This change provides a unit structure that is less complex to
administer, and is compatible with the land location and landowner
changes that occur on an annual basis in California.
5. Section 3(a)--Specify that an insured may select only one price
election for all the processing tomatoes planted in the county that are
insured under the policy, unless the Special Provisions provide
different price elections by type, in which case the insured may select
one price election for each tomato type specified in the Special
Provisions. The price election the producer chooses for each type must
have the same percentage relationship to the maximum price available.
This will help to protect against adverse selection and simplifies
administration of the program.
6. Section 3(b)--Specify the liability under this policy will not
exceed the number of tons under a processor contract in effect on or
before the earlier of August 20 or the date of damage to the insured
crop in all counties with an acreage reporting date of 7/15, or on or
before the acreage reporting date or the date of damage in all other
counties. (Exclude damage that occurs in stage one or damage that
results in a replant payment.)
7. Section 3 (c) and (d)--Specify: (c) The price elections used to
determine the amount of indemnity are progressive by stages and
increase, at specified intervals, to the price used for final stage
losses; and (d) Any acreage of tomatoes damaged to the extent that the
majority of producers in the area would not normally further care for
the tomatoes, will be deemed to have been destroyed even though you may
continue to care for it. The price election used to determine the
amount of indemnity will be that applicable to the stage in which the
tomatoes were destroyed.
8. Sections 4--Change the contract change date from November 30 to
August 31 preceding the cancellation date for California, and from
December 31 to November 30 preceding the cancellation date for all
other states. This will maintain an adequate time period between the
contract change date and the revised cancellation date.

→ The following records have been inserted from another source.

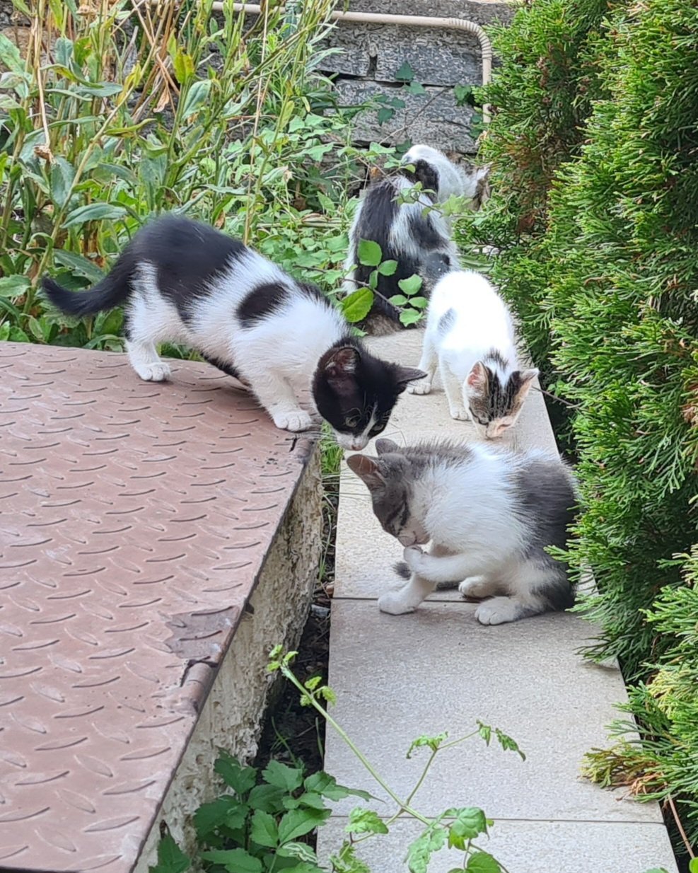 Това не са домашни котки, живеят само навън и основно в моя двор. Не знам къде ги е крила, мен и ме нямаше много време, но бързо опознаха обстановката🙂
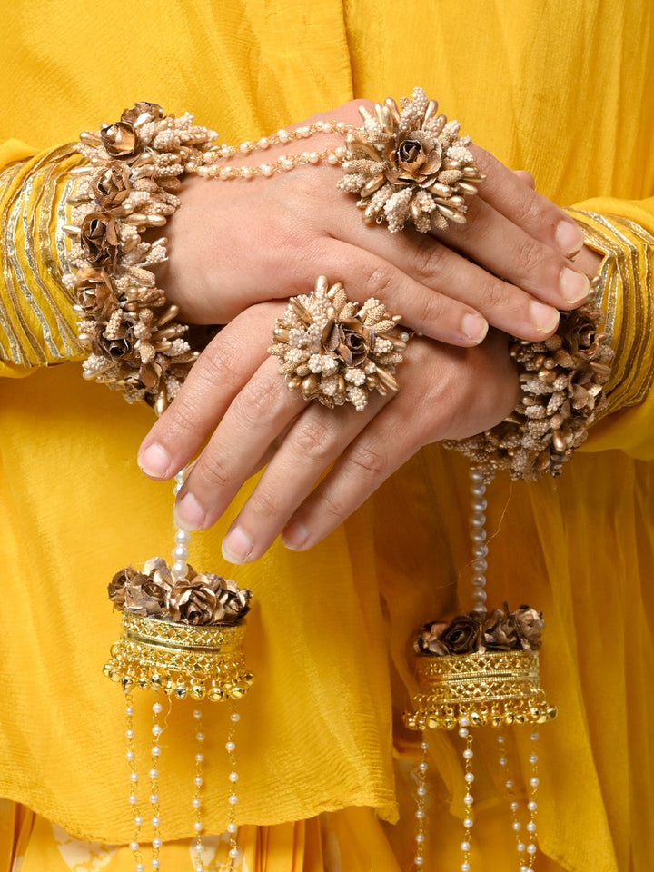 This Stunning Copper Floral With Pearl Hanging Kalire Feature Intricate Traditional Designs And Elegant Gold Carvings, Adorned With A Gold-plated Brass Metal And Pearls. The Long Pearl Chain Hangings Add A Touch Of Sophistication To These Beautiful Kaleeras, Making Them Perfect For Any Traditional Occasion. Crafted With Care, These Kalire Are A Timeless Addition To Any Wedding Ensemble.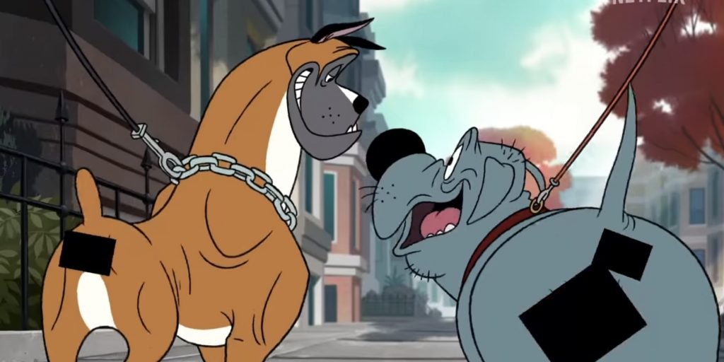 Сложная судьба явно намекает, что с «Стерилизованным» что-то не так. Впрочем, лучше начать с чего-то хорошего. У мультфильма просто безупречная олдскульная 2D-анимация, которая одновременно отсылает к рисовке диснеевского «101 далматинца» и комедийному ритму короткометражек Looney Tunes. Персонажи обладают удивительной пластичностью и экспрессией, а их морды искажаются от каждого слога. Из-за этого создается практически забытое в наше время ощущение неидеальной, но живой и обаятельной анимации, нарисованной от руки. Особенно эффектно она выглядит во время абсурдных погонь или галлюцинаций: создатели вспоминают, что могут использовать безграничные возможности медиума, а не пытаться сделать реалистичное и скучное кино.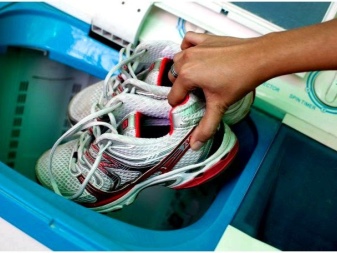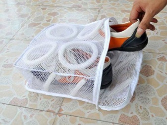 - Textiles are machine washed in a gentle manner so as not to damage the shoes. Tip - so that the shoes do not hang out inside the drum of the washing machine and do not create a rumble, get special bags for washing them.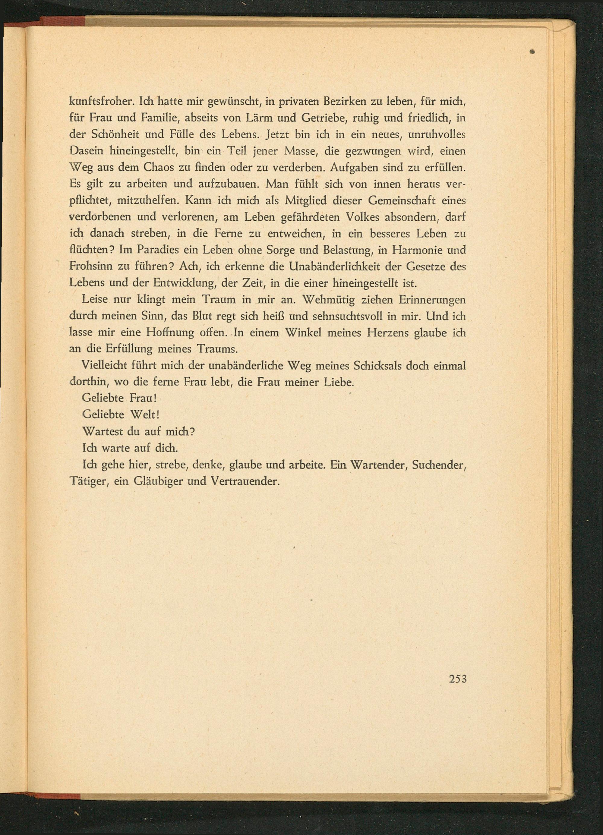 kunftsfroher. Ich hatte mir gewünscht, in privaten Bezirken zu leben, für mich, für Frau und Familie, abseits von Lärm und Getriebe, ruhig und friedlich, in der Schönheit und Fülle des Lebens. Jetzt bin ich in ein neues, unruhvolles Dasein hineingestellt, bin’ ein Teil jener Masse, die gezwungen wird, einen Weg aus dem Chaos zu finden oder zu verderben. Aufgaben sind zu erfüllen. Es gilt zu arbeiten und aufzubauen. Man fühlt sich von innen heraus ver- pflichtet, mitzuhelfen. Kann ich mich als Mitglied dieser Gemeinschaft eines verdorbenen und verlorenen, am Leben gefährdeten Volkes absondern, darf ich danach streben, in die Ferne zu entweichen, in ein besseres Leben zu flüchten? Im Paradies ein Leben ohne Sorge und Belastung, in Harmonie und Frohsinn zu führen? Ach, ich erkenne die Unabänderlichkeit der Gesetze des Lebens und der Entwicklung, der Zeit, in die einer hineingestellt ist.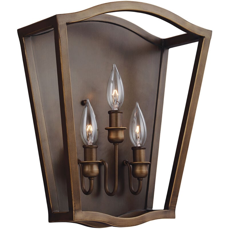 Collezione Yarmouth INTERPRETAZIONE ELEGANTE Lampada da parete a 3 luci. La collezione di lampade Yarmouth è un'interpretazione elegante e pulita delle lanterne tradizionali. Il braccio quadrato è elegantemente tornito e un arco corona la parte superiore di ogni raffinata silhouette. Completamente aperta, senza vetri, Yarmouth è disponibile nella finitura ottone invecchiato verniciato.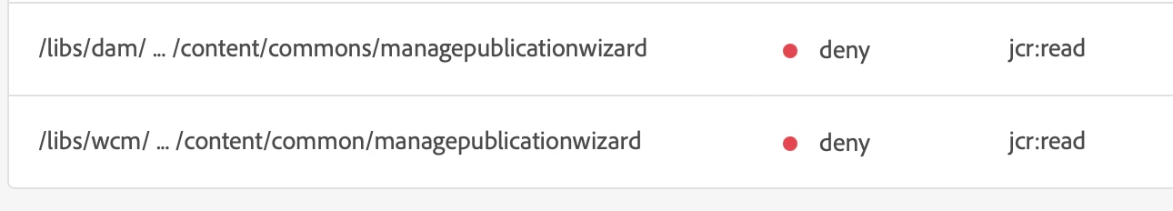 Recently, I am working on an requirement where I need to grant the publish access to a group users on a specific assets folder in Assets. So, I added crx:replicate privilege on the path of the assets folder for the user group, and then I can see the buttons of Quick Publish and Manage Publication, that is good. However, I find that Quick Publish is working for me, but Manage Publication is not working. When doing Manage Publication, it is throwing the error of "Not enough rights to manage publication.". By the investigation, I find it is lack of workflow relevant rights for Manage Publication. After I add the group to the members of the AEM built-in group of "workflow-users", Manage Publication is working in Assets. However, it is also visible and working in Sites pages (where I didn't add crx:replicate privilege), which is not expected.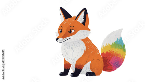 Obraz premium Kid's colorful fox illustration with rainbow tail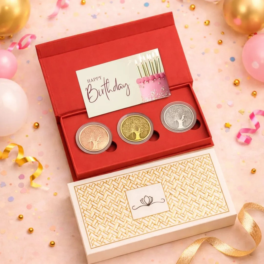 Gift joy, blessings, and prosperity with the Banyan Tree Tri-Color Silver Coin Set, a thoughtfully crafted silver keepsake perfect for weddings, anniversaries, or special occasions. Featuring the banyan tree motif in a charming round shape, this set of 3 coins (3 grams each) is made from 999 purity silver and comes in a white box cover, combining elegance with vibrant tri-color accents. Trusted since 1950, Chotteylal & Sons ensures every coin is a premium-quality gift ready to impress.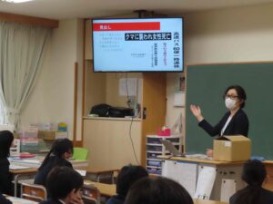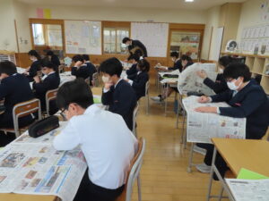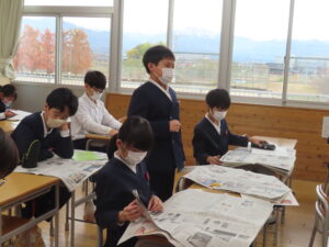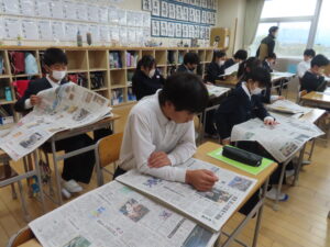 6年生が、新聞はどのように構成されているのかを学んだり、記事の見方について学んだりしました。何を伝えたいかによって、見出しの表現が異なることを知り、新聞への関心が高まりました。早速、朝刊を使って、気になった記事をスクラップしていました。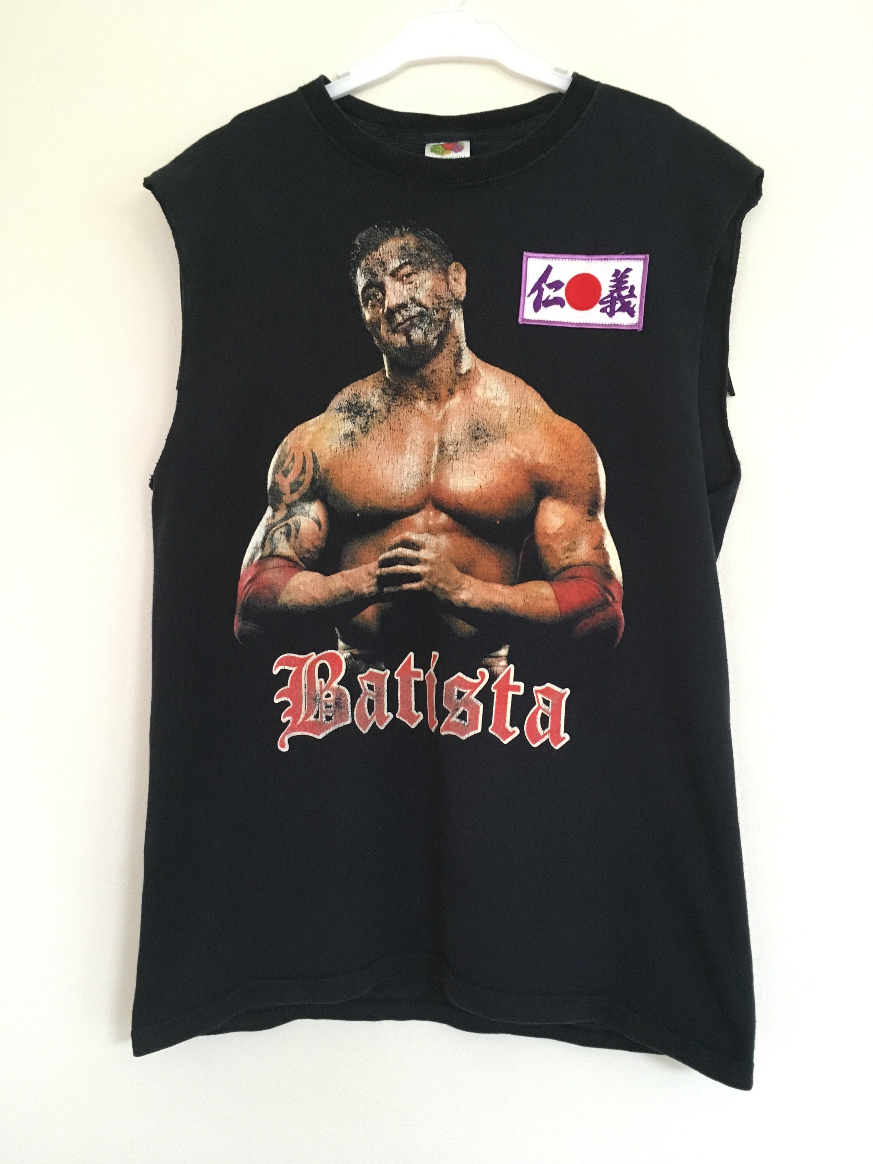 BatistaがプリントされたかっこいいTシャツをさらにかっこよくするために、袖をカットオフして、

9. Section 5--Change the cancellation and termination dates from
February 15 to January 15 in California, and from April 15 to March 15
for all other states. This change is necessary to standardize the
cancellation and termination dates with the sales closing dates. Sales
closing dates were changed to comply with requirements of the Federal
Crop Insurance Reform Act of 1994.
10. Section 6--Require the producer to provide a copy of the
processor contract to the insurance provider on or before August 20 in
all counties with an acreage reporting date of 7/15, or on or before
the acreage reporting date in all other counties. In some instances
contracts are not completed prior to August 20 in counties with a 7/15
acreage reporting date.
11. Section 8(a)(3)--Specify that the crop insured will be tomatoes
that are grown under and in accordance with the requirements of a
processor contract executed on or before August 20 for all counties
with an acreage reporting date of 7/15, or on or before the acreage
reporting date in all other counties, and are not excluded from the
processor contract for or during the crop year.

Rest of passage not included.